Becoquin, c’est un site de rencontres. Point.
Pas un magazine, pas un club, pas un groupe Snap. Vous parlez à d’autres adultes, en privé. Si ça matche, vous vous voyez. Le reste, autour du nom, on s’en fiche.

Le nom prête à confusion, on le sait. On croise aussi Becoqin, sans u : c’est nous. Et non, vous n’atterrissez pas dans un tchat anonyme ni dans un mur d’annonces collées la veille. Il y a un compte, un profil, des messages.
Ce que ça fait, concrètement
Vous créez un profil, vous dites ce que vous cherchez — discret, léger, régulier, couple, solo — et vous voyez d’abord les gens autour de vous. Les « affinités électives », c’est juste ça : on ne vous balance pas le premier profil venu parce qu’il a mis une photo. Si ça ne vous parle pas, vous passez. Personne ne vous doit une réponse.

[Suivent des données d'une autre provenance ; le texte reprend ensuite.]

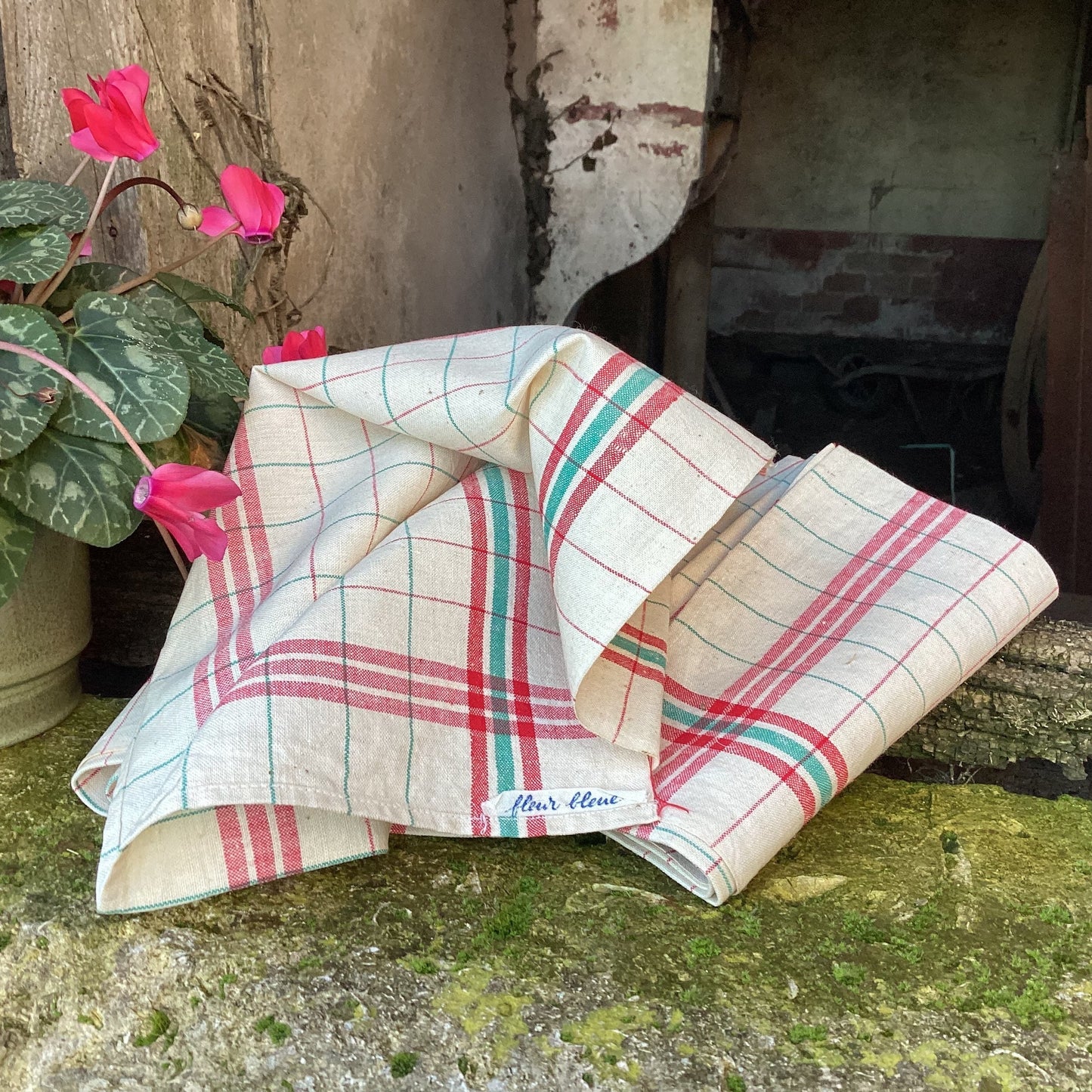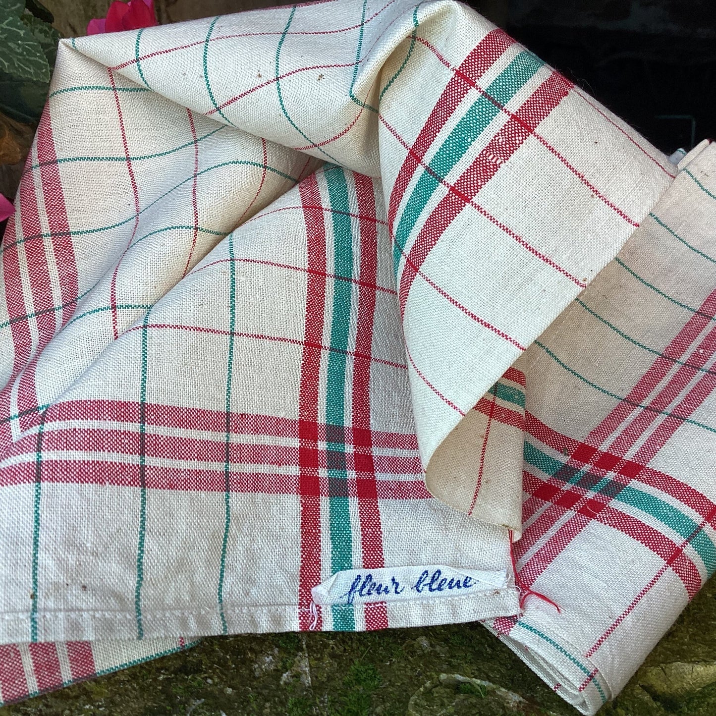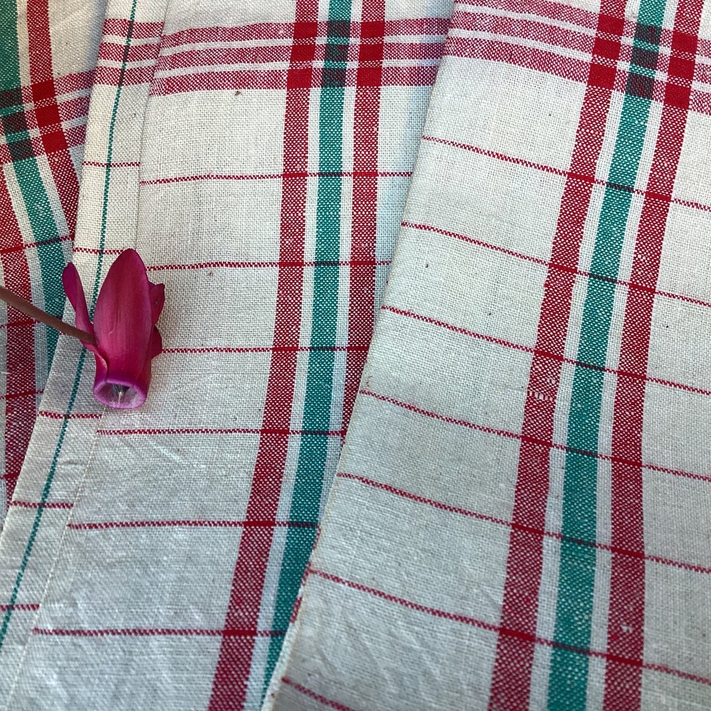 French Linen Tea Towels: Vintage Red & Green Striped Kitchen Decor

L’application reprend la même chose sur téléphone. Pas de fichier bizarre à installer, pas de lien WhatsApp « officiel ». Si quelqu’un vous en envoie un, ce n’est pas nous.
Ce que Becoquin n’est pas
- Un tableau d’annonces. Si vous venez de là, voilà la différence.
- Un club avec vestiaire. Les couples et le libertinage, c’est expliqué ici.
- Une salle où tout le monde entend tout. Les messages, c’est entre deux personnes.
Pourquoi on insiste sur la discrétion
Beaucoup de membres ne veulent pas que leur vie se retrouve dans un fil Facebook. Profil visible pour les inscrits, messages chiffrés, un bouton si ça dérape : c’est le minimum. Ça n’empêche pas les cons. Ça donne un moyen de s’en débarrasser. La suite est dans la FAQ et la confidentialité.
L’inscription de base est gratuite. Un virement « pour valider le profil » ? Ce n’est pas nous.